# Kitten’s paws and tail freeze to truck’s tire, but a Good Samaritan saves the day



## Robert59 (Oct 29, 2020)

A Good Samaritan rescued a small kitten after her paws and tail froze onto a semi-trailer tire in Colorado on Monday, according to a Denver-based non-profit animal shelter.

The 5-week-old kitten was spotted at a tire shop in Commerce City, the Dumb Friends League said in a news release sent to McClatchy News. She was hanging off the tire by her paws and tail when her rescuer heard her cries, according to the release.


https://www.yahoo.com/news/kitten-paws-tail-freeze-truck-214513842.html


----------



## Pink Biz (Oct 29, 2020)

Robert59 said:


> A Good Samaritan rescued a small kitten after her paws and tail froze onto a semi-trailer tire in Colorado on Monday, according to a Denver-based non-profit animal shelter.
> 
> The 5-week-old kitten was spotted at a tire shop in Commerce City, the Dumb Friends League said in a news release sent to McClatchy News.
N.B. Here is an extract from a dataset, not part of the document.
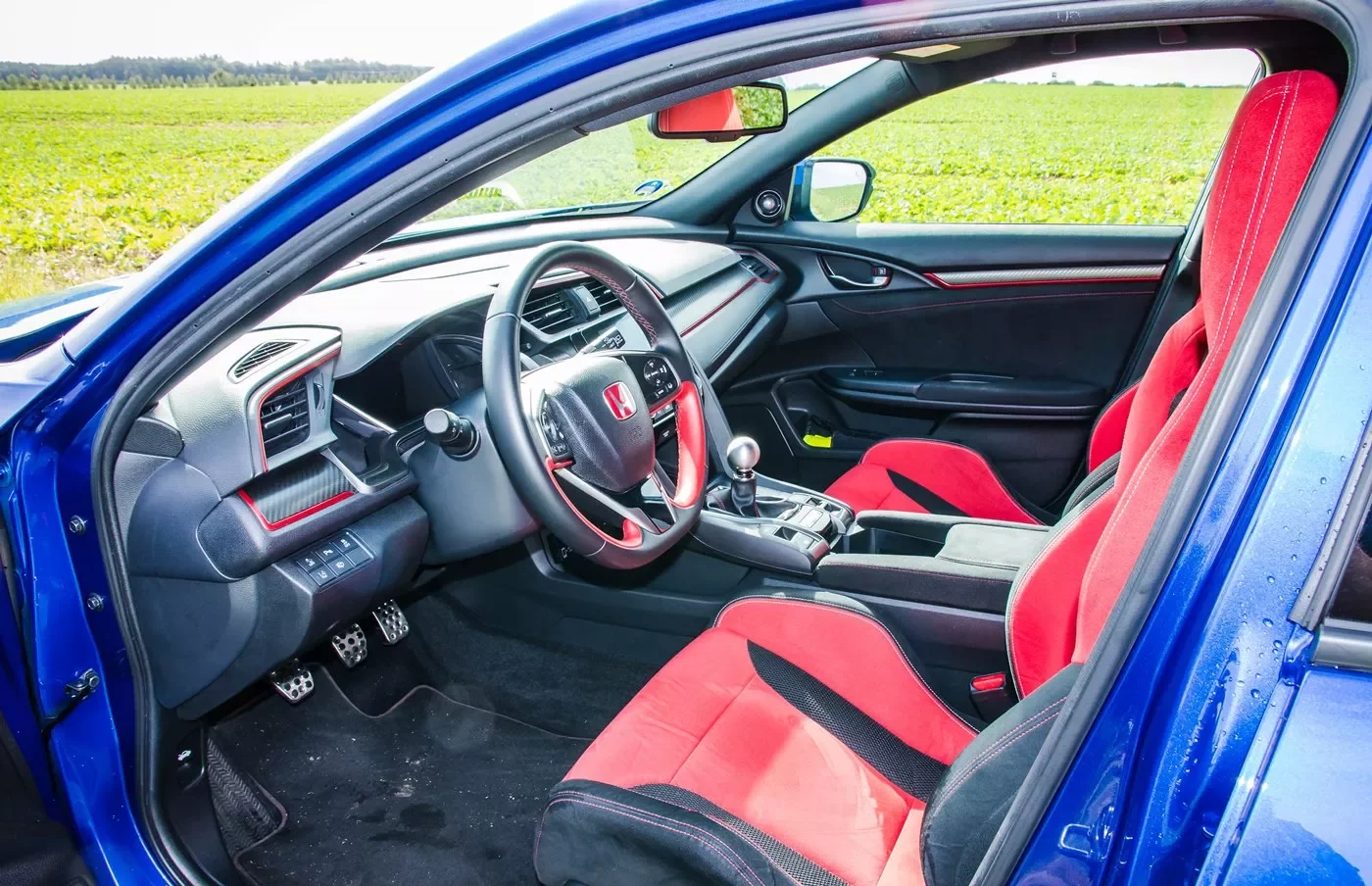 I když se mi líbí barevné ztvárnění interiéru a pozice za volantem na krátké ruce a dlouhé nohy, některé prvky interiéru jsou trochu rozporuplné. Digitální přístrojový štít s velkým otáčkoměrem je přehledný, ale jeho rafička je méně výrazná a mohla by být delší. Vylepšit by se dal i ukazatel zařazeného převodu, protože je pouze malým číslem v červeném čtverečku v levém horním rohu. Rozhraní umožňuje zobrazení ukazatelů plnícího tlaku, aktuálního otevření škrticí klapky, tlaku v brzdovém systému a dalších informací, ale bohužel neumí ukázat teplotu motorového oleje, což by v autě, jako je Civic Type-R, nebylo od věci.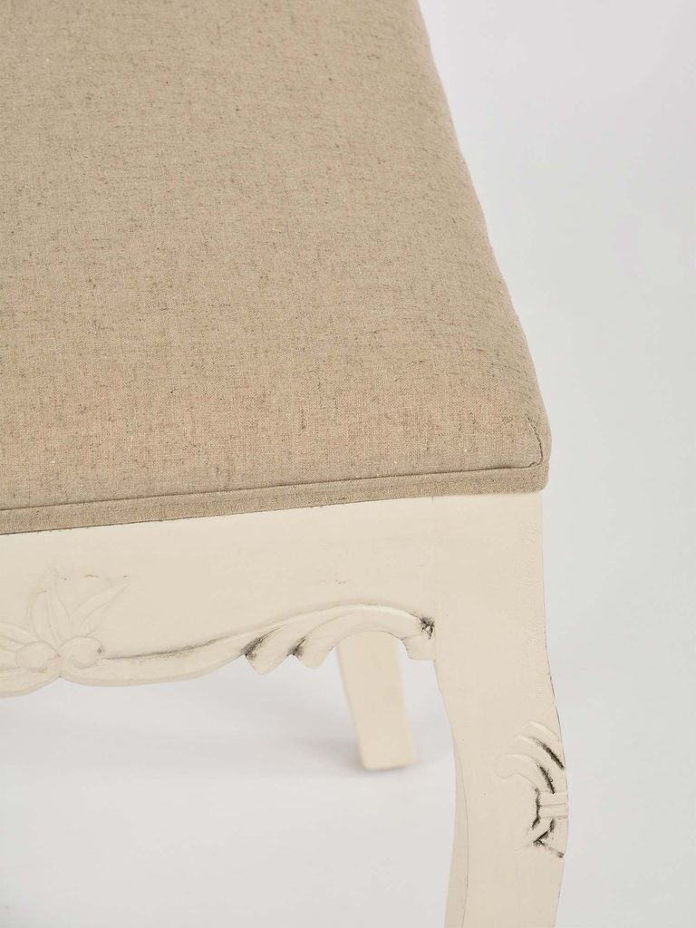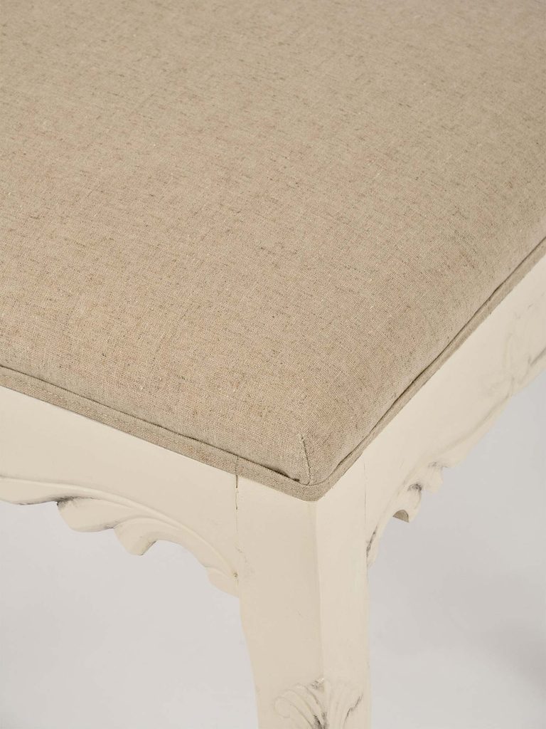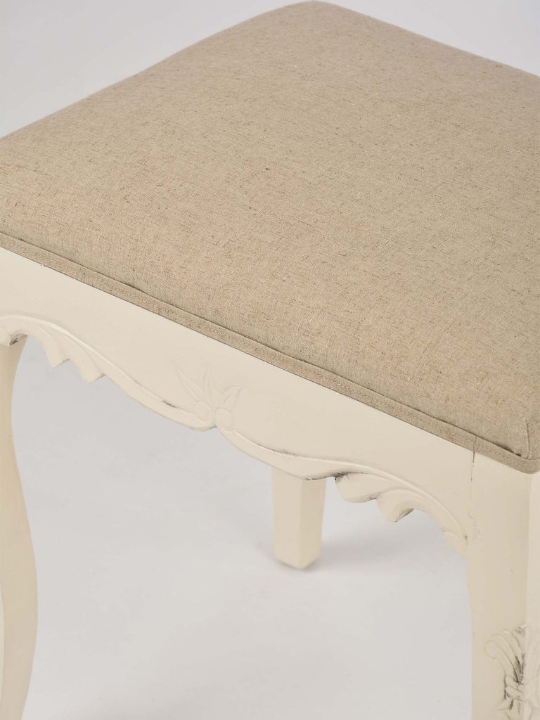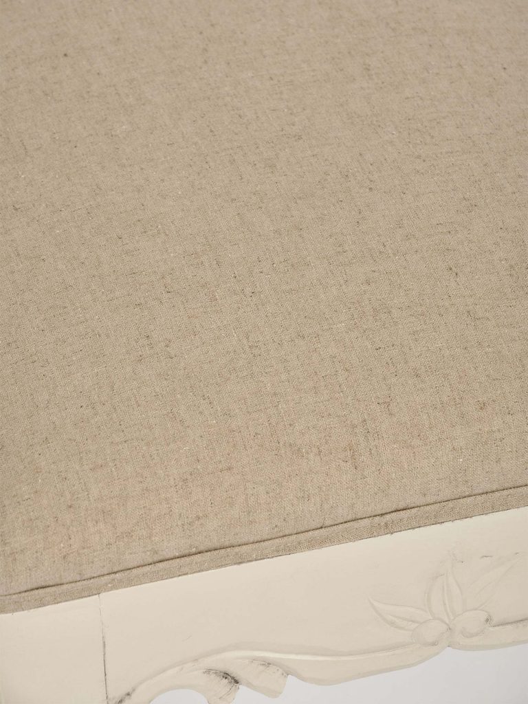 Siedzisko tapicerowane w stylu prowansalskim w kolorze kremowym.

She was hanging off the tire by her paws and tail when her rescuer heard her cries, according to the release.
> 
> ...


*"Why is it called the Dumb Friends League?

When our organization was founded in 1910, it was named after a London, England, animal welfare group called “Our Dumb Friends League.” In those days, the term “dumb” was widely used to refer to animals because they lacked the power of human speech."*


----------